Hi,
I have a bunch of files stored in hdfs /unit_files directory in total
319 files
scala> val errlog = sc.textFile("/unix_files/*.ksh")
scala> errlog.filter(line => line.contains("sed"))count()
res104: Long = 1113
So it returns 1113 instances the word "sed"
If I want to see the collection I can do
SCALA> ERRLOG.FILTER(LINE => LINE.CONTAINS("SED"))COLLECT()

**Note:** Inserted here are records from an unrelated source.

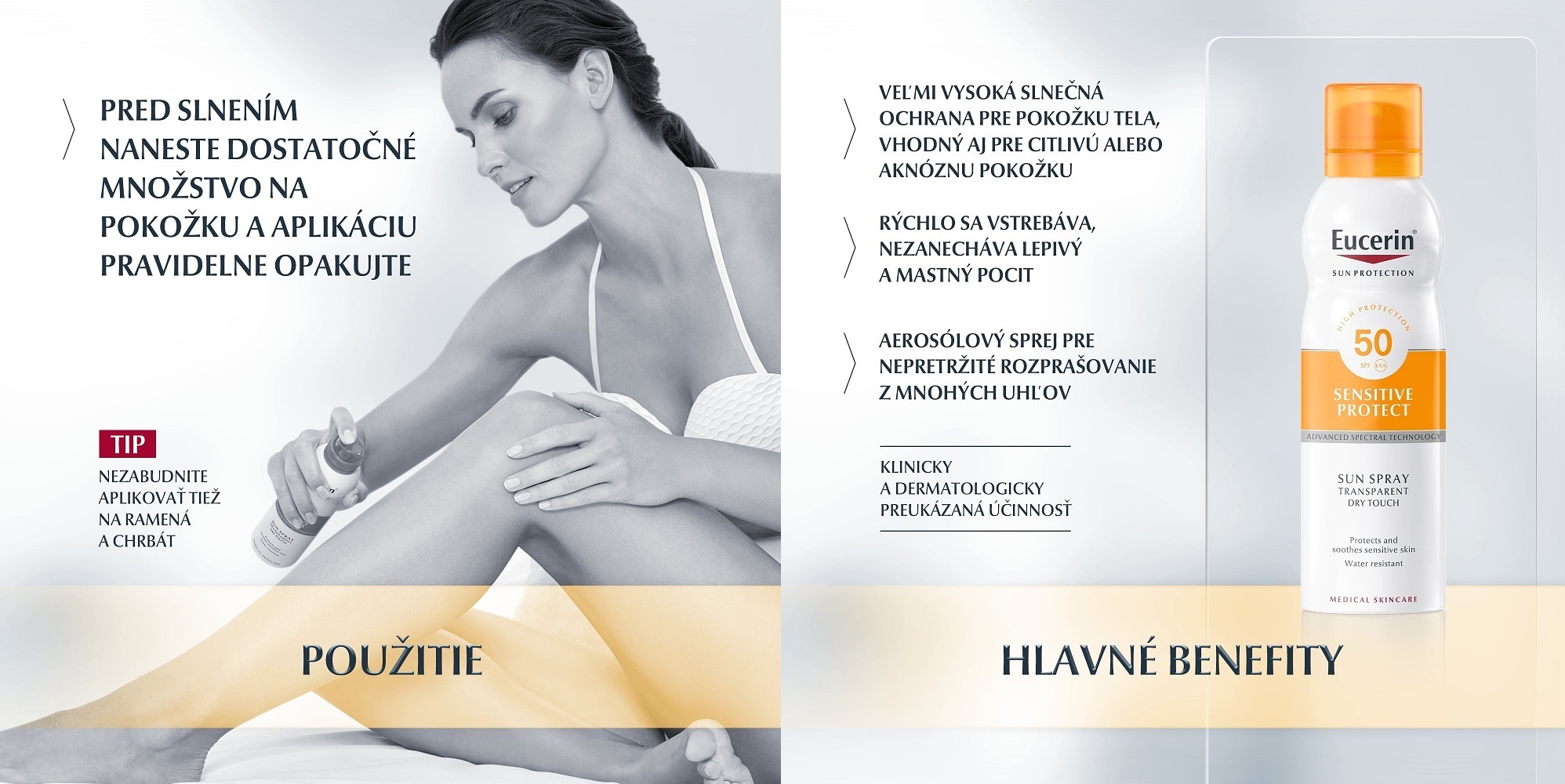 Eucerin SUN SENSITIVE PROTECT SPF 50 sprej transparentný na opaľovanie DRY TOUCH 200 ml
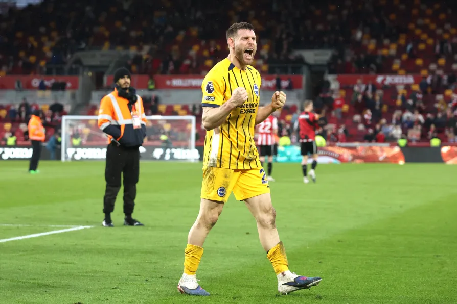 Brighton and Hove Albion's James Milner in front of the fans following victory in the Premier League match at the Gtech Community Stadium, London, February 21, 2026
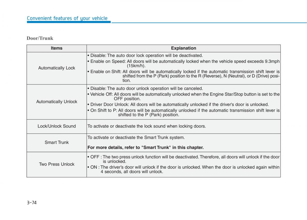 • Vehicle Off: All doors will be automatically unlocked when the Engine Star/Stop button is set to the
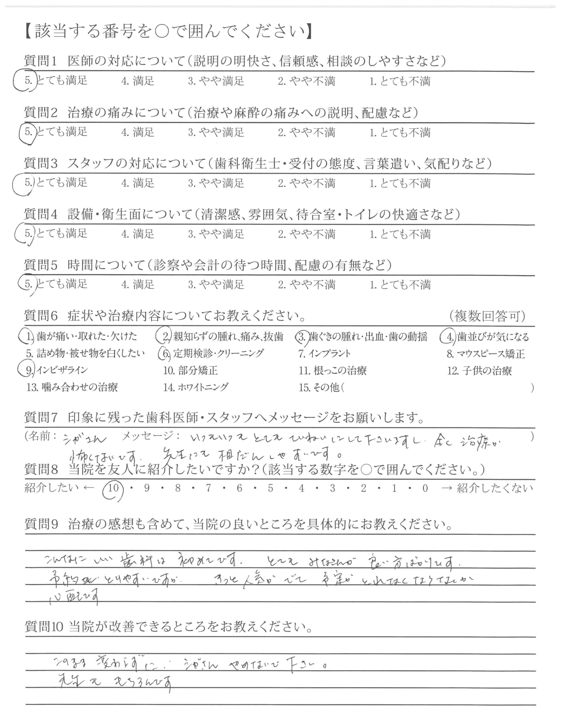 こんなにいい歯科は初めてです。とてもみなさんが良い方ばかりです。
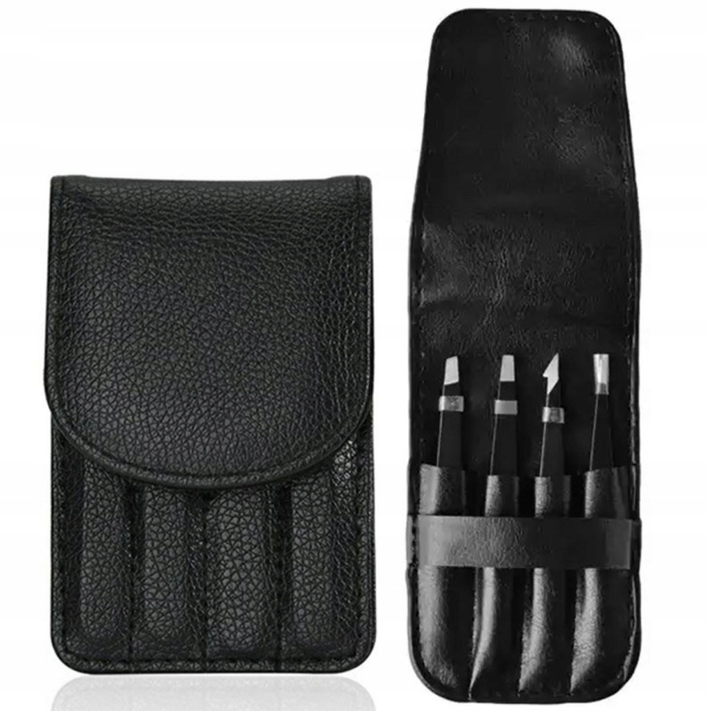 Zestaw 4 profesjonalnych pęset do regulacji rzęs i brwi. Wykonane z solidnej i trwałej stali nierdzewnej. Wyposażone w długą i wygodną rękojeść która ułatwia modelowanie. W komplecie znajduje się również etui z ekoskóry, umożliwiają ich przechowywanie.
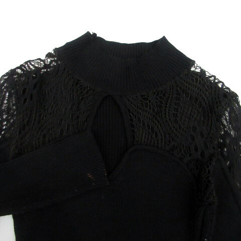 【中古】ザファーストウィメン THE FIRST women リブニット カットソー ハイネック 長袖 レース 切替 カットアウト 黒 ブラック /HO12 レディース 【ベクトル 古着】 230731
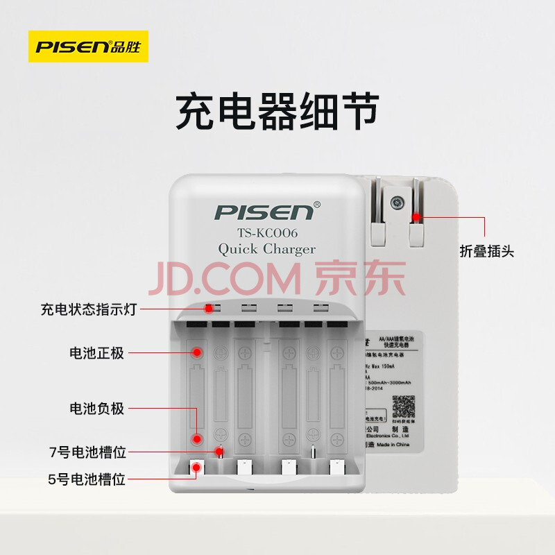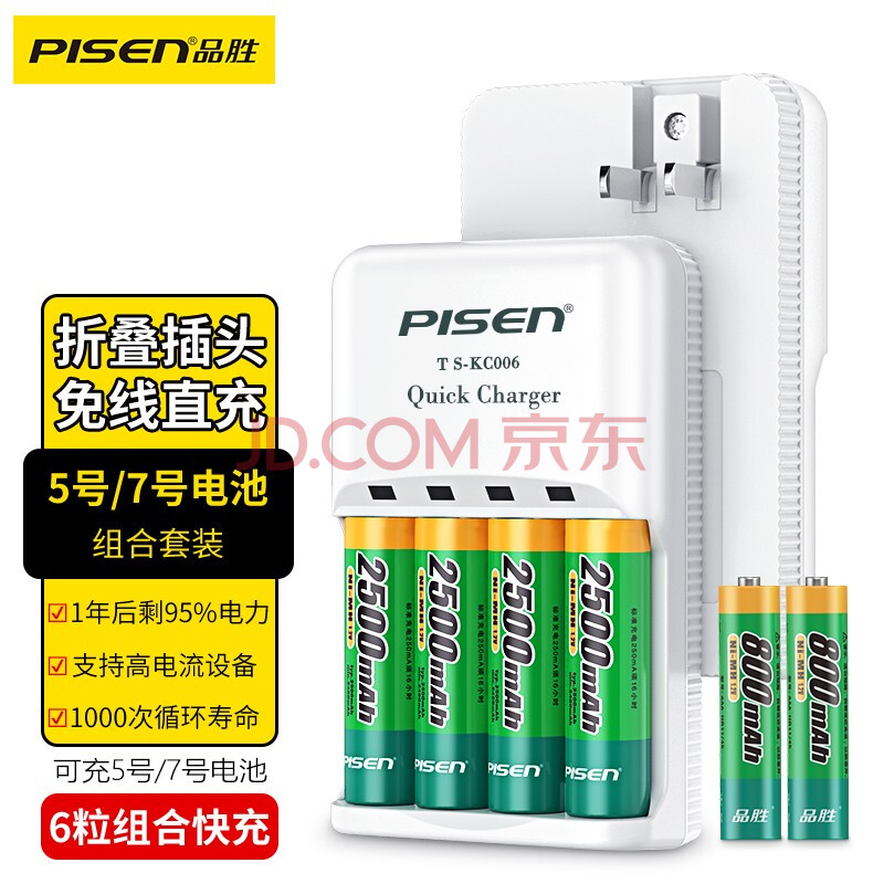 商品相册:品胜 充电电池5号/7号 五号AA/七号AAA电池充电器 适用键鼠/话筒/遥控器/玩具车/相机 6粒快充套装第
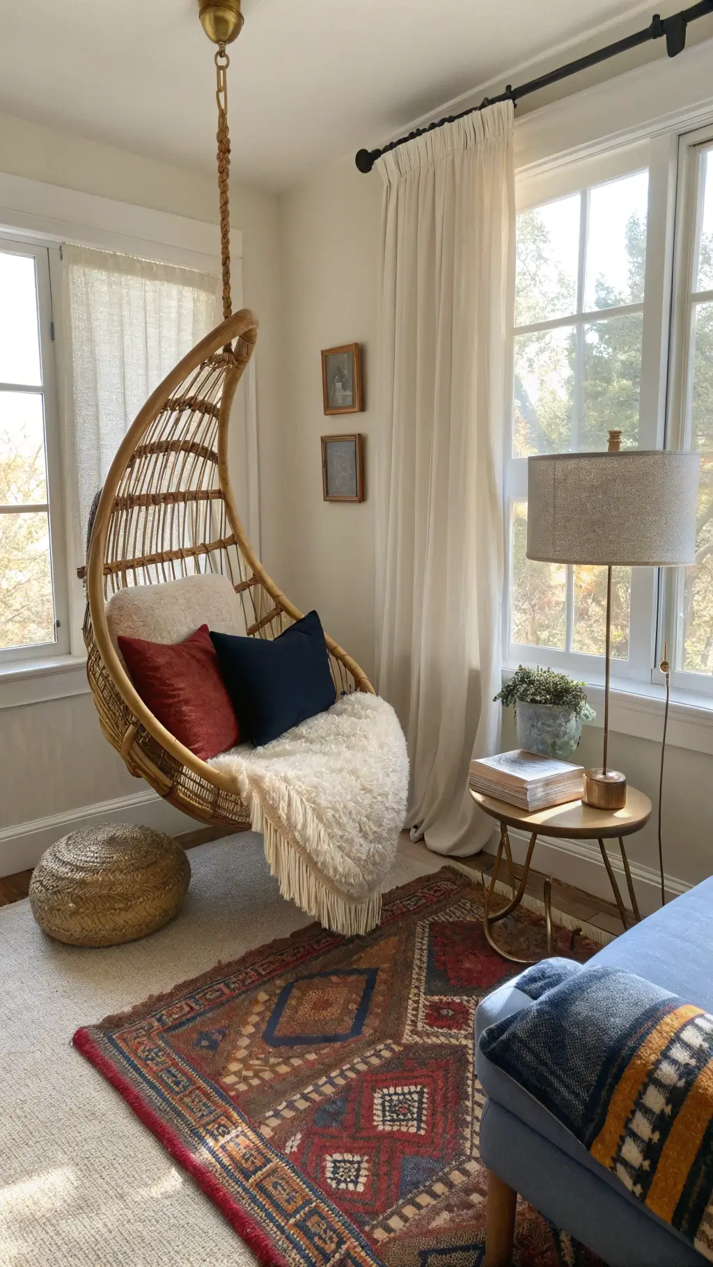 - Layer different materials: woven rugs, plush pillows, macramé accents
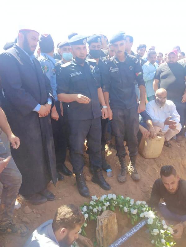 وقد شارك في تشييع الجثمان مدير شرطة شرق عمان بالإنابة العقيد محمود الفايز وعدد من ضباط وضباط صف وأفراد جهاز الأمن العام.
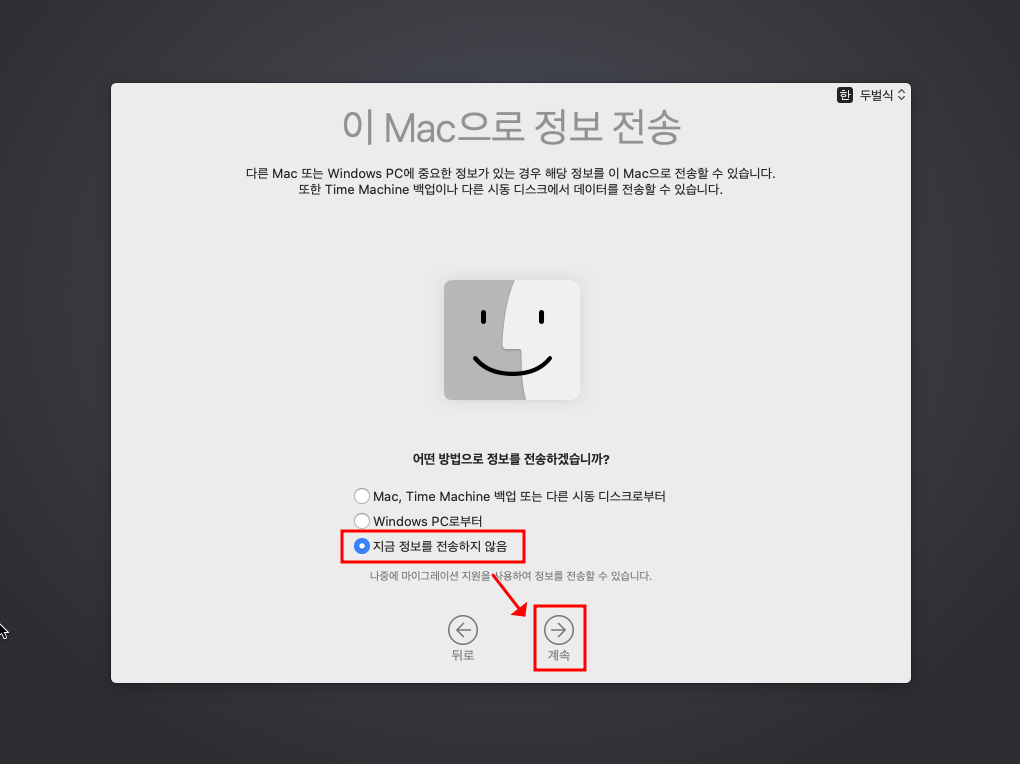 ‘나중에 운영 체제를 설치하겠습니다.‘ (나중에 운영 체제를 설치하겠습니다).

res105: Array[String] = Array(" DSQUERY=${1} ; DBNAME=${2} ; ERROR=0 ;
PROGNAME=$(basename $0 | sed -e s/.ksh//)", # . in environment based on
argument for script., " exec sp_spaceused", " exec sp_spaceused",
PROGNAME=$(basename $0 | sed -e s/.ksh//), " BACKUPSERVER=$5 # Server
that is used to load the transaction dump", " BACKUPSERVER=$5 # Server
that is used to load the transaction dump", " BACKUPSERVER=$5 # Server
that is used to load the transaction dump", " cat
$TMPDIR/${DBNAME}_trandump.sql | sed s/${DSQUERY}/${REMOTESERVER}/ >
$TMPDIR/${DBNAME}_trandump.tmpsql", cat
$TMPDIR/${DBNAME}_tran_transfer.sql | sed s/${DSQUERY}/${REMOTESERVER}/
> $TMPDIR/${DBNAME}_tran_transfer.tmpsql, PROGNAME=$(basename $0 | sed -e
> s/.ksh//), " B...
scala>
Now is there anyway I can retrieve all these instances or perhaps they
are all wrapped up and I only see few lines?
Thanks,
Mich